Os desafios no combate à pobreza menstrual no Brasil
Enviada em 06/09/2021
Lançado em 2018, o documentário indiano “Absorvendo o Tabu” retrata como o assunto da menstruação é abordado nas regiões rurais da Índia. Paralelamente no Brasil, uma a cada quatro garotas já chegou a faltar na escola por não ter acesso a absorventes e milhares de mulheres, por não possuírem condições de comprar o produto recorreram a papel de jornal, pedaços de pano e, em alguns casos, folha de árvore para tentar conter o fluxo menstrual. Sendo assim, além de impactar negativamente no desempenho acadêmico de milhões de jovens, a pobreza menstrual eleva a possibilidade da ocorrência de infecções urinárias e vaginais, colocando em risco a vida de milhões.
Primeiramente, de acordo com a pesquisa realizada pela plataforma Toluna em parceira com a marca de absorventes íntimos “Always”, cerca de 45% das entrevistadas acredita ter tido sua educação prejudicada pela ausência de absorventes e 29% das mulheres já ficou sem condições de comprar o item. Ademais, segundo o mesmo levantamento, os impasses ocorrem também no desenvolvimento pessoal das garotas pois muitas sentem-se culpadas pela menstruação e por não conseguirem comprar os absorventes, privando-se de atividades do dia a dia como brincar e frequentar a escola. Desse modo, milhões não gozam devidamente do direito promulgado pelo artigo 198 da Constituição Federal, que preza pela prestação de saúde à todos e todas em solo brasileiro.
Em segundo lugar, um dos principais perigos sanitários causados pela pobreza menstrual, é a ocorrência de infecções urinárias ou vaginais, promovidas pelo uso de papel higiênico, miolo de pão e sacolas plásticas, itens não recomendados para administrar o sangue advindo da menstruação. Além disso, o fator econômico atua como forte influenciador no tema, tal que absorventes são vistos, na lei brasileira, como itens cosméticos e não de higiene básica, sendo tributados por essa categorização. Logo, para muitas pessoas, a gestão menstrual é um hábito de luxo, portanto não tão acessível, prejudicando tano o bem-estar físico quanto o emocional.

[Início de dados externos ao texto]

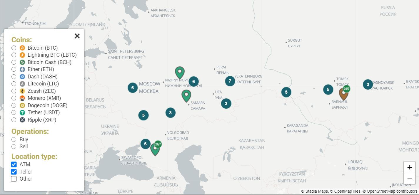 В Москве, согласно данным ресурса, установлено 6 криптобанкоматов. В Екатеринбурге – 7, в Новосибирске – 4. Во многих других городах также можно найти криптобанкоматы.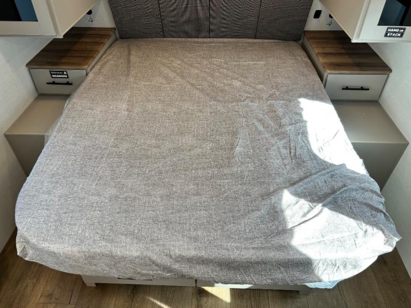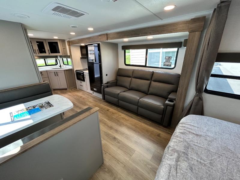 This travel trailer is perfect for three to four happy campers! You'll find a front bedroom with a queen-size bed, dual wardrobes and nightstands, plus a privacy curtain if you have someone staying over on the sofa. The booth dinette provides additional sleeping space when it's not being used to dine or play games at! A rear corner kitchen includes counter space to prep meals, a large sink, plus overhead storage for spices. After dinner, you can relax with a movie since there is a 40" swivel TV, or you can head outdoors to visit under the 19' patio awning!

Por tal viés, faz-se mister que o Ministério da Saúde, através de verbas públicas, atue na instituição de projetos que estimulem não somente a distribuição de absorventes íntimos em âmbito nacional, como também a promoção de palestras e propagandas exibidas tanto na televisão quanto em redes sociais sobre o assunto, a fim de conscientizar a população a respeito da problemática e diminuir os efeitos da pobreza menstrual.